Why is the query q=fulltext:marina zadar when using the /select handler scoring documents differently from the other example?

Here's my schma.xml

<schema name="example" version="1.5">

<fields>

    <field name="_version_" type="long" indexed="true" stored="true"/>
    <field name="id" type="long" indexed="true" stored="true" required="true" />
    <field name="name" type="string" indexed="true" stored="true" />
    <field name="subName" type="string" indexed="false" stored="true" />
    <field name="nearName" type="string" indexed="false" stored="true" />
    <field name="countryName" type="string" indexed="false" stored="true" />
    <field name="title" type="text_general_edge_ngram" indexed="true" stored="false" multiValued="true" />
    <field name="fulltext" type="text_general" indexed="true" stored="true" />

</fields>

<uniqueKey>id</uniqueKey>

<copyField source="name" dest="title" />
<copyField source="subName" dest="title" />

<!--<similarity class="com.pocketsail.solr.DescriptionSimilarity" />-->

<types>

    <fieldType name="string" class="solr.StrField" sortMissingLast="true" />
    <fieldType name="long" class="solr.TrieLongField" precisionStep="0" positionIncrementGap="0"/>

    <fieldType name="text_general_edge_ngram" class="solr.TextField" positionIncrementGap="100">
        <analyzer type="index">
            <tokenizer class="solr.LowerCaseTokenizerFactory"/>
            <filter class="solr.ASCIIFoldingFilterFactory"/>
            <filter class="solr.EdgeNGramFilterFactory" minGramSize="2" maxGramSize="15" side="front"/>
        </analyzer>
        <analyzer type="query">
            <tokenizer class="solr.LowerCaseTokenizerFactory"/>
            <filter class="solr.ASCIIFoldingFilterFactory"/>
        </analyzer>
    </fieldType>

    <fieldType name="text_general" class="solr.TextField" positionIncrementGap="100" omitNorms="true" omitTermFreqAndPositions="true">
        <analyzer type="index">
            <tokenizer class="solr.StandardTokenizerFactory"/>
            <filter class="solr.LowerCaseFilterFactory"/>
            <filter class="solr.ASCIIFoldingFilterFactory"/>
        </analyzer>
        <analyzer type="query">
            <tokenizer class="solr.StandardTokenizerFactory"/>
            <filter class="solr.LowerCaseFilterFactory"/>
            <filter class="solr.ASCIIFoldingFilterFactory"/>
        </analyzer>
    </fieldType>

</types>

</schema>

Solution

It turns out the words need to be enclosed in parentheses.
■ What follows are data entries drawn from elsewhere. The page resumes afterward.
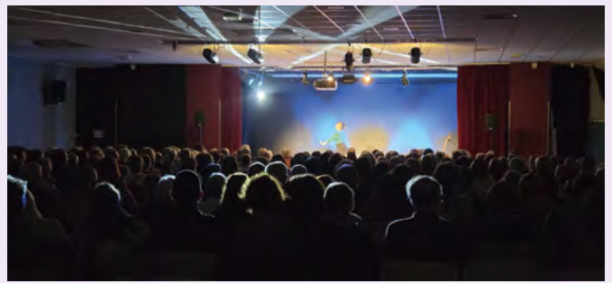
Béatrice de la Boulaye // Béatrice de la Boulaye, première tête d'affiche de la saison, a réuni 250 personnes le 17 janvier pour son seul en scène très apprécié du public
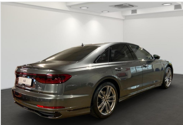
Audi Zentrum Neuss GOTTFRIED SCHULTZ
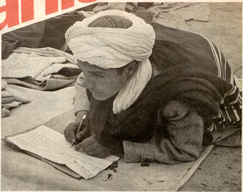
Hele 80% av Afghanistans befolkning er analfabeter. Flyktingestrømmen invasjonen skapte har gjort problemet enda større. De få som kan lese og skrive må hjelpe dem som ikke kan når det trengs, sånn som denne mannen på torget i Herat. Utdanning og kunnskap er en forutsetning for frigjøring, og for gjenoppbyggingen av landet når det engang blir frigjort.

● I flyktingeleirene har nærmere 50% tuberkulose. Mange er helt avkrefta av flukten og kulden. Ca. 95% er analfabeter. — Skal vi vi dem håp? Skal vi gi dem utdanningsmuligheter? Skal vi være med på å legge grunnlaget for oppbygginga av et fritt, selvstendig Afghanistan.
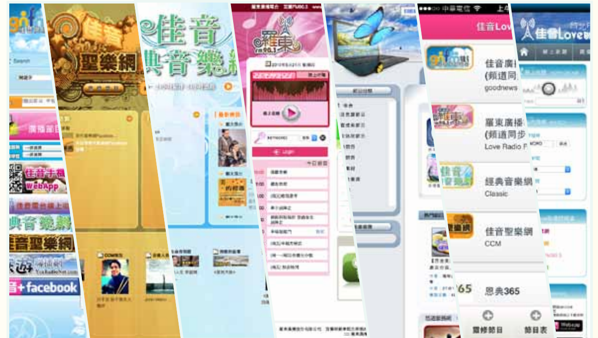
佳音Love聯播網站具備各種服務功能

佳音電台成立20年了，資訊組期許抓緊科技的潮流走入社會，繼續使用新科技、好工具，傳好佳音、報好福音。■

If I issue

q=fulltext:(marina zadar)

both words are used in the scoring of the documents and the results are ordered as expected. Issuing q=fulltext:marina zadar looks for the word "marina" in the 'fulltext' field as specified and for the word "zadar" in the field which is set as default for the used query handler in solrconfig.xml.

This might have been a rookie error but perhaps it will help someone in the future.

Licensed under: CC-BY-SA with attribution

Not affiliated with StackOverflow